Should Rand Paul’s private views on religion be his own business? Maybe. But why should his lying about them be off-limits?

People can believe whatever they want. And Ayn Rand is a significant, if rather isolated, person in the intellectual history of the 20th century. Many people have read her best known novels. But by almost any definition she held numerous beliefs, really most of her beliefs, which in ordinary political discourse would be considered far outside the mainstream, extreme and in many cases simply bizarre. In any other political context the person you embrace as your favored philosopher or even the person who you’re a follower of … that person’s views are totally newsworthy. Totally ripe for scrutiny. If President Obama repeatedly and openly said he was a follower of Richard Dawkins, no one would pretend that it was somehow off-limits for his opponents to dig into Dawkins’ beliefs.

Why shouldn’t this apply to Rand Paul? It really does amount to special pleading. He gets to play by a political rulebook that applies to no one else in the country.

Late Update: TPM Reader MB wrote in the following.
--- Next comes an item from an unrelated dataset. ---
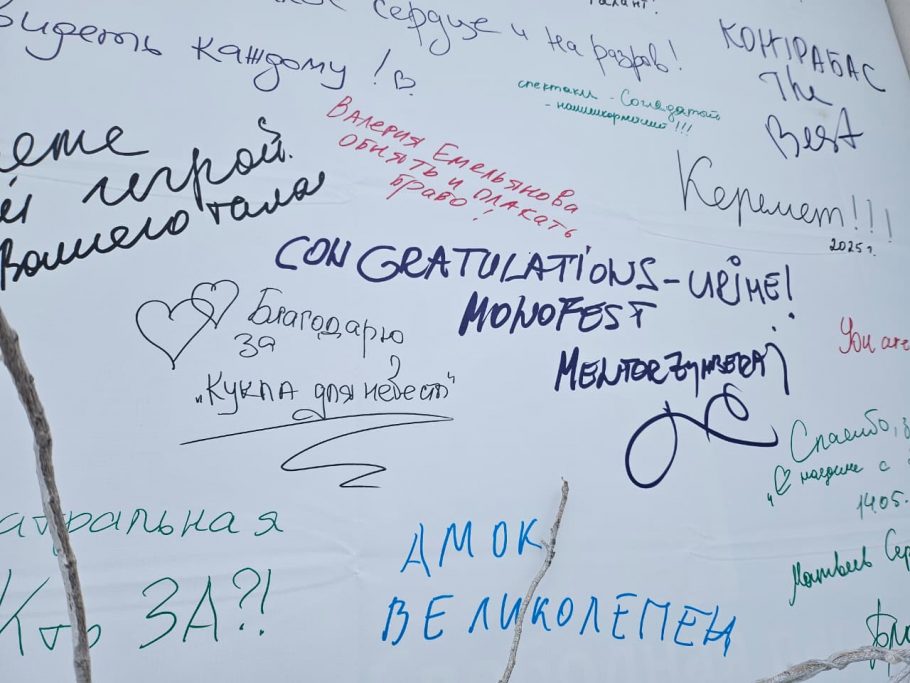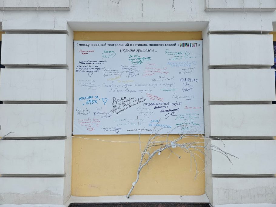 — Все это нам написали на Первом международном театральном фестивале моноспектаклей MONO FEST, проводимом нами в 2025 году, — рассказывали нам тогда в театре. — Люди от руки писали свои впечатления.

And I thought I’d append my answer because I think it’s a good question …

I’m no fan of Rand Paul, and far less a fan of Ayn Rand, but this seems to be putting too fine a point on it.

While approximately 99% of what Ayn Rand ever wrote was solipsistic nonsense, she did write an awful lot, not all of it related to altruism and Christianity. To say that it’s inconsistent to be a fan of Rand’s and be Christian is about like saying it’s inconsistent to be a fan of Richard Dawkins and be a Christian. (I’m a tremendous fan of his writing on evolutionary biology, but think his moral philosophy is blinkered. I’m also an observant Presbyterian.)
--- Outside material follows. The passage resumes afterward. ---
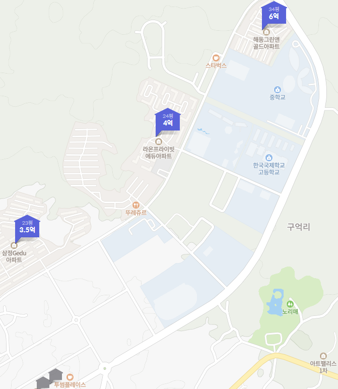 그래서 구억리 주변에 아파트가 없나 호갱노노에서 검색해봤습니다.

A reasonable question for him would be, it seems, “Ayn Rand decried altruism and was a stout atheist. Could you explain more of how you reconcile Christianity and Objectivism?” The fact that I think the two are incompatible (largely because Objectivism is a bunch of hooey that appeals to small minds regardless of faith) does not mean that a reasonable person might find inspiration from both.

And here’s my response …

I agree that it’s not impossible. And your Dawkins/Christianity point is an apt one. But as you note, it’s his core work as an evolutionary biologist you take to rather than his amateur endeavors as an advocate of atheism. It would hardly make any sense that you could be a Christian in conventional terms and also be a fan of his atheism advocacy. So yes, it’s certainly conceivable he could be both. But both her atheism and her worship, for lack of a better word, of power is profoundly anti-Christian. So while it’s definitely possible one could be both I think it would be well within the realm of reasonable to ask how he reconciled the two. And in the cartoonish and crass realm of 30 second TV ads, that’s what was behind Conway’s ad.